3. Conditioning and Body Composition Training – We will give you top tips from the experts of fat loss and answer that classic question, “How do I lose weight here (fill in your body part of choice)?”
4. Endurance Training – Maybe this is the year you engage in a distance race. How do you begin and how do you track your progress?
5. Strength Training – We have proven techniques to help you feel invincible!
6. Personal Training vs. Group (boot camp) Training – Which is right for you? There has been a shift in the fitness industry over the last few years to group training, but we will cover the pros and cons of both and what will help you meet your goals.
7. Core Training – “Core”…the buzzword of the decade for personal trainers. There are many myths about how to safely and effectively train the core. Also, the core is more than just the “six pack”. Stay tuned!

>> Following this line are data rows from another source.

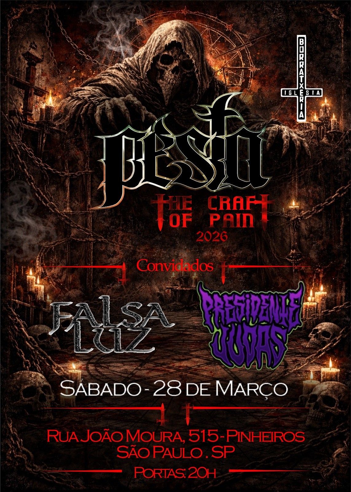 Já no dia 28 de março (sábado), o Pesta sobe ao palco do La Iglesia (Rua João Moura, 515 – Pinheiros – São Paulo/SP). A abertura será das bandas Falsa Luz e Presidente Judas. As portas abrem às 20h. Datas confirmadas da “The Craft Of Pain Tour 2026”:
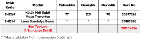 Kütük Mdf Sabit Masa Beyaz
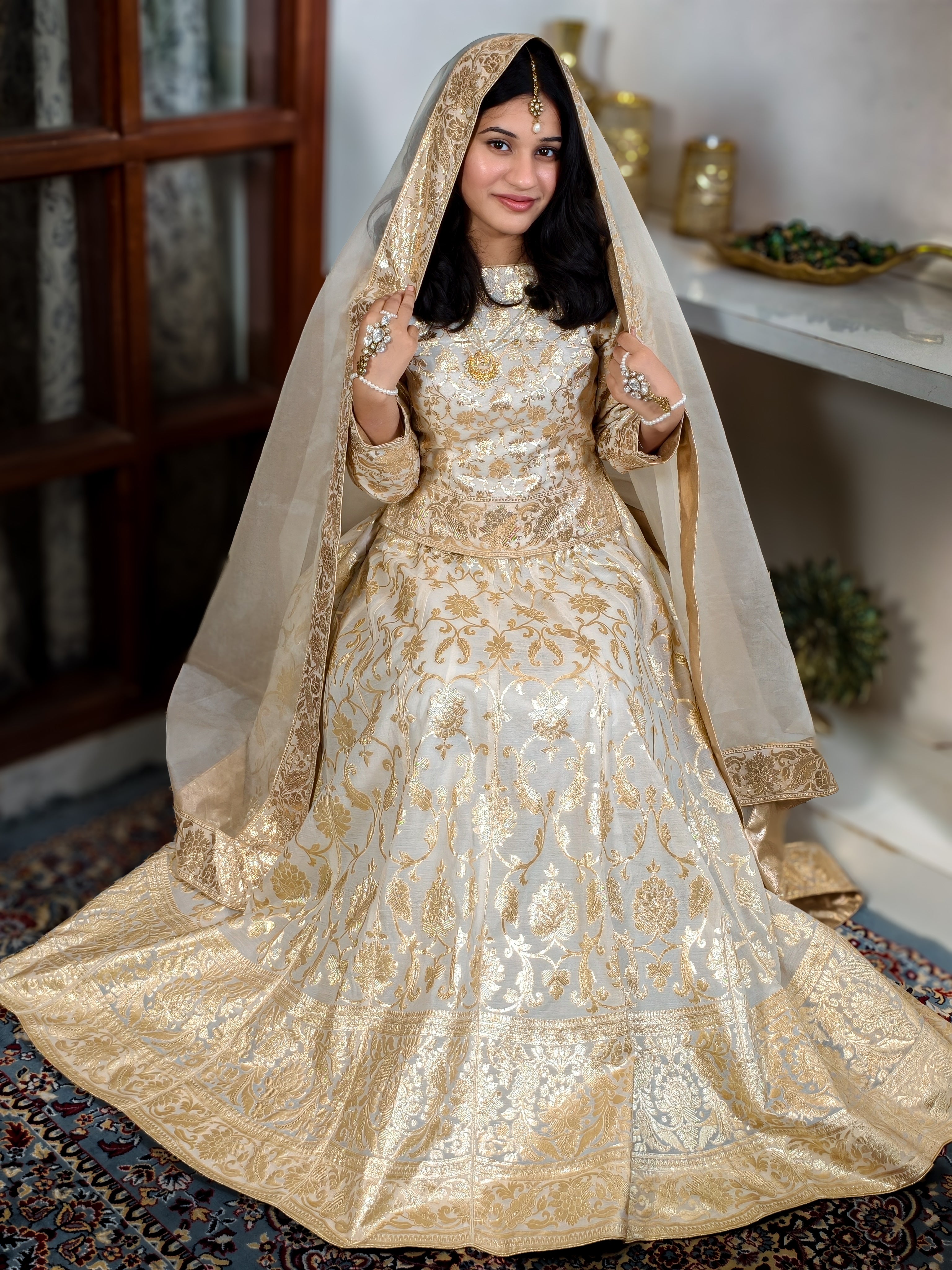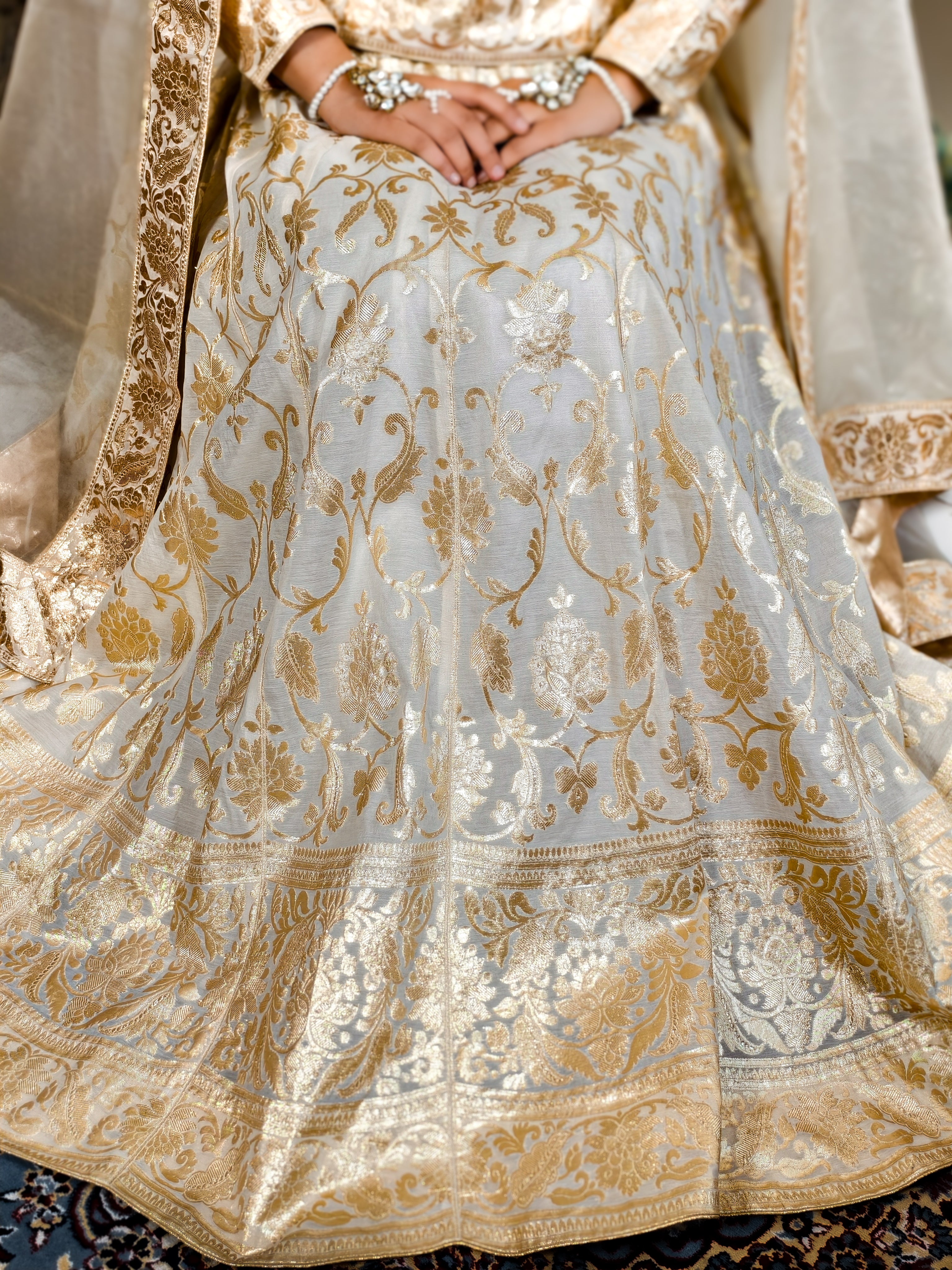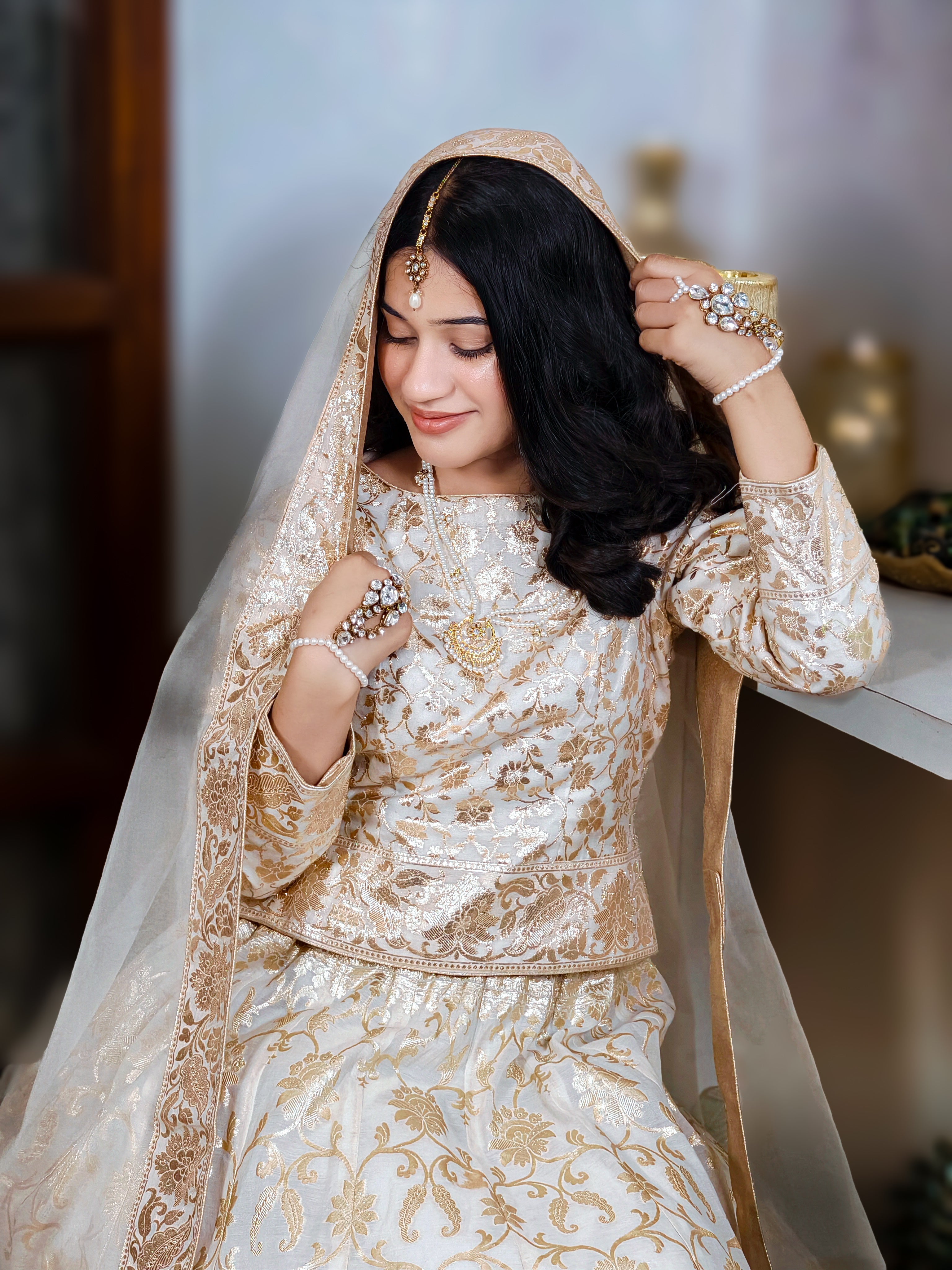 Drape yourself in elegance and grace with this stunning ivory and gold lehenga kurti set. Perfect for nikkah, walima, bridal wear, and festive occasions, this outfit blends traditional craftsmanship with contemporary sophistication. The ivory kurti is adorned with delicate gold zari embroidery, complementing the exquisitely designed lehenga with intricate banarasi brocade patterns. A sheer golden dupatta with embroidered lace borders completes this ethereal ensemble, making it a luxurious choice for any bride or wedding guest.
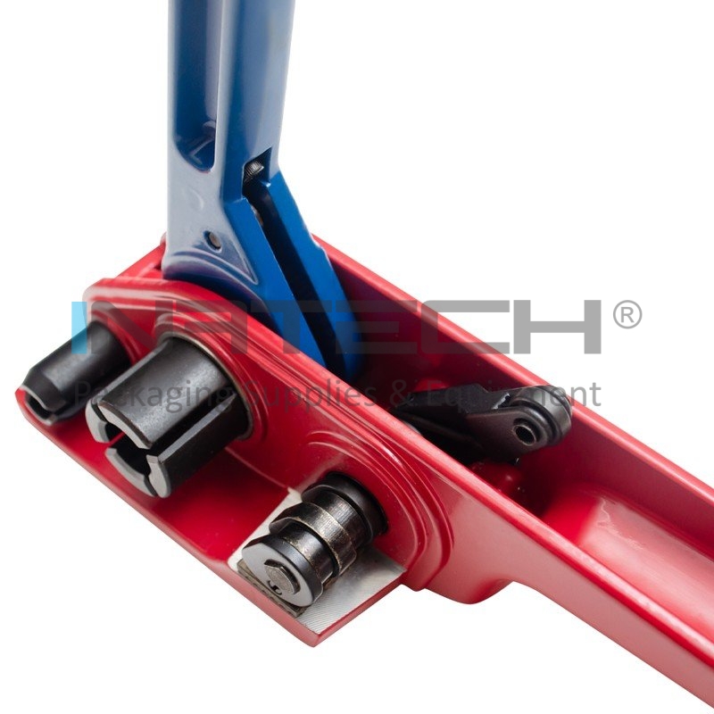 Dispozitivul permite legarea benzilor PES/PP cu ajutorul buclelor metalice, realizand tensionarea, dar si taierea benzii ramase.
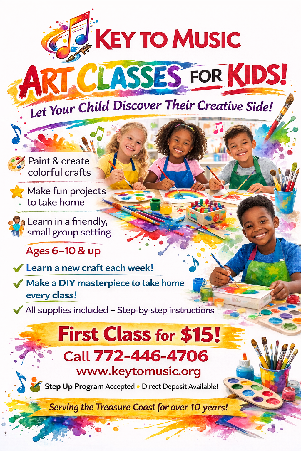 Key To Music has been proudly serving the Treasure Coast for over 10 years, offering high-quality music and now art programs for children of all ages.
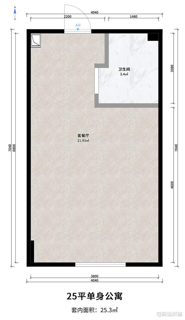 先来看看户型图,本案例公寓室内宽3.8米、长6.8米、层高2.8米,套内面积25.3平方米。业主是位90年的单身的小姐姐,一个人住,希望装修得简单点,厨房、卫生间、卧室、客厅、书桌、衣柜这些一样都不能少。
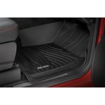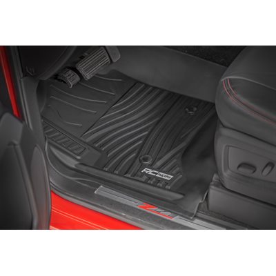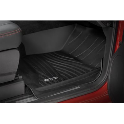 Introducing Flex-Fit floor mats ' the ultimate enhancement for your truck's interior and built tough to handle any challenge. Crafted from premium rubber-like material, these mats are as durable as they come, perfectly tailored to fit your truck's unique shape for a seamless finish.\Stock floor mats just don't cut it for adventurers. They get trashed by mud, don't hold up to spills, and leave your carpets a mess. Give your ride the all-weather protection it deserves with Rough Country's Flex-Fit Floor Mats, the perfect solution for keeping your vehicle clean and protected.\All-Weather Protection: Engineered to fit your vehicle perfectly, these mats provide top-notch defense against snow, mud, sand, saltwater, and more.\Spill Saver Lip: Don't sweat the spills! Our mats feature a Spill Saver Lip that prevents liquids from reaching your carpet, so you can enjoy your coffee on the go without worry.\Non-Slip, Textured Surface: Stay in control no matter the terrain with our mats' non-slip, textured surface, designed to keep your feet firmly planted while driving.\Easy to Clean and Maintain: Cleaning up is a breeze! These mats are detachable and easy to clean, so you can spend less time on maintenance and more time hitting the road.\Premium Materials: Constructed from a rubber-like TPE material, these mats are built to withstand extreme temperatures without cracking or warping. They will stay flexible and functional for the long haul.\Effortless Installation: Forget wrestling with bulky mats. Flex-Fit Mats slide right into place for a quick and frustration-free installation.\Upgrade your truck's defense against the elements with Rough Country's Flex-Fit Floor Mats. They'll keep your carpets looking fresh and give you peace of mind on every adventure.
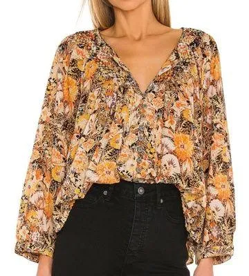 Free People Cool Meadow Midnight Combo Top In Multi color. Boho long sleeve top is featured in a lig... Show more
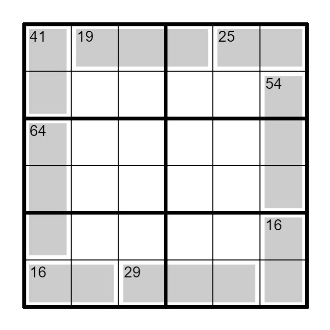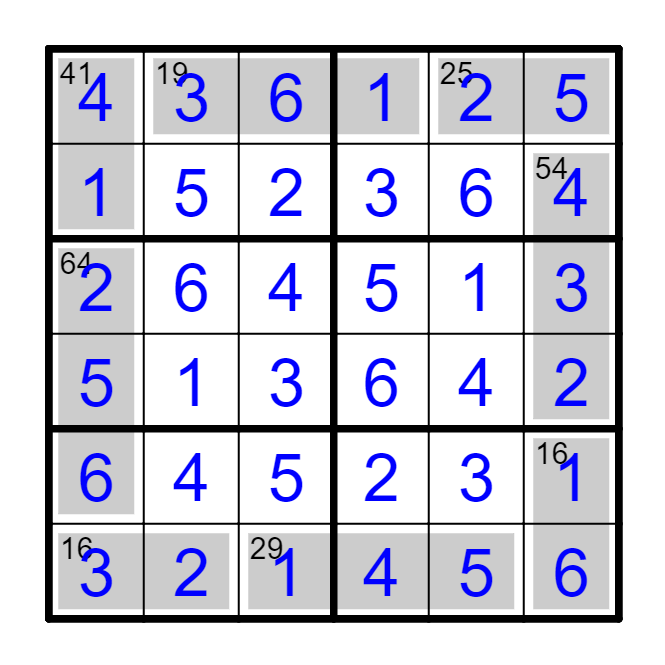 标准数独基础上,提示是其区域中多位数的因数。所有多位数都是从左到右、从上到下阅读形成的。
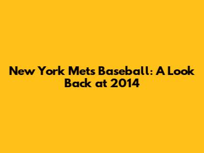New York Mets Baseball: A Look Back At 2014
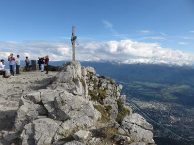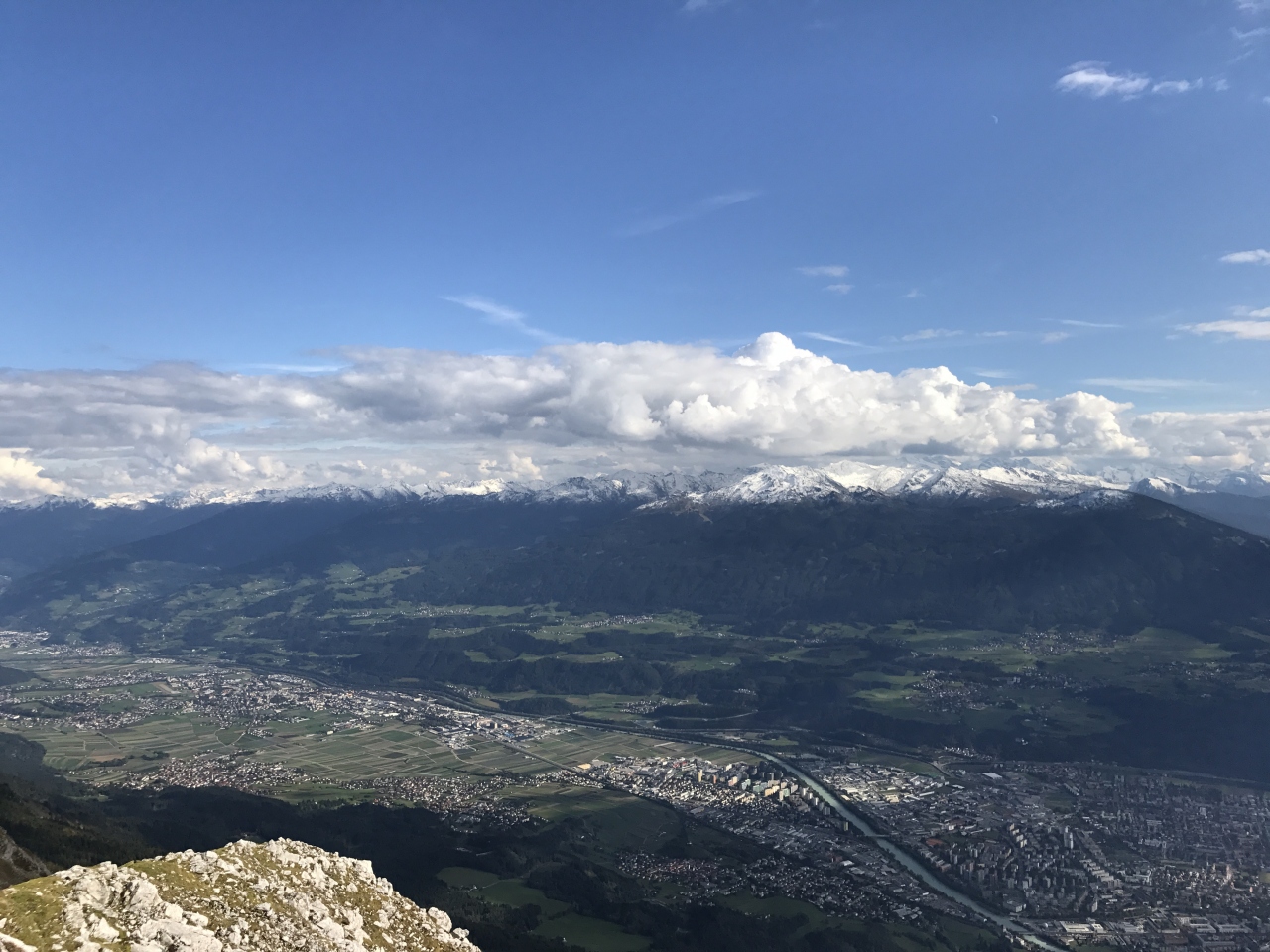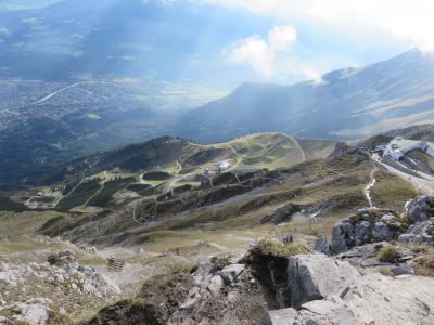 インスブルックの街からケーブルカーとロープウェイを乗り継いで、わずかな時間で2000メートルの山頂に立てる事が出来ました。
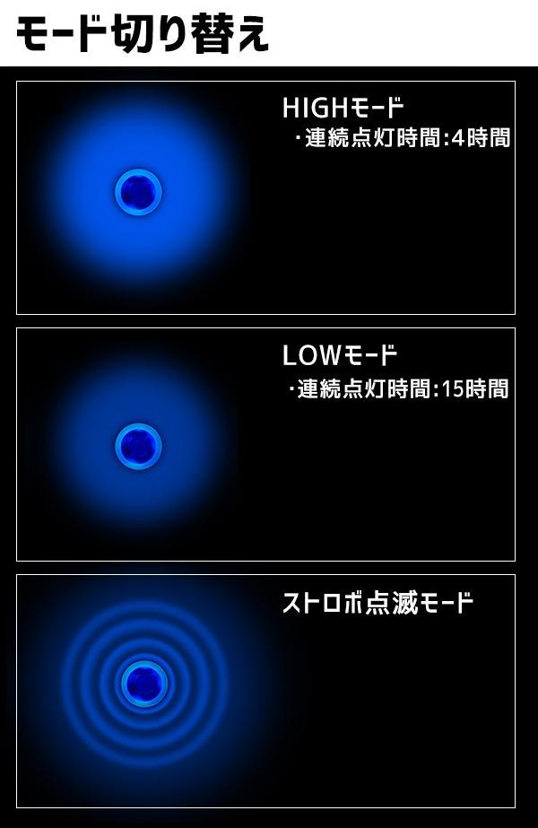| 仕様 | 電池:単4×1本(付属) 明るさ:3種(HIGHモード・LOWモード・ストロボ点滅モード) 点灯時間:4時間(HIGHモード)、15時間(LOWモード) 防水:60m 取扱説明書有(外箱記載) |

Our readers write us and tell us they are excited about engaging in a training program this year. We will match that excitement by providing you with the information you need to succeed. When we talk about training how does the concept “engage” apply? Maybe you feel like a rocket ship captain yelling, “Engage the turbo booster!” and you are jumping in with both feet to your training program. Maybe you view your engagement to fitness as a deep focus, honing in on the details and discipline it will take to get results. I hear “engage” and I think of the commitment I made to my wife a few years ago. I want you to consider three encouraging concepts: Engage your training program this year with all of your energy and enthusiasm, constant focus, and a commitment to accomplish your goals.
We are praying for you and look forward to hearing your ideas of what you would like to see from the Faith & Fitness Magazine Training Department.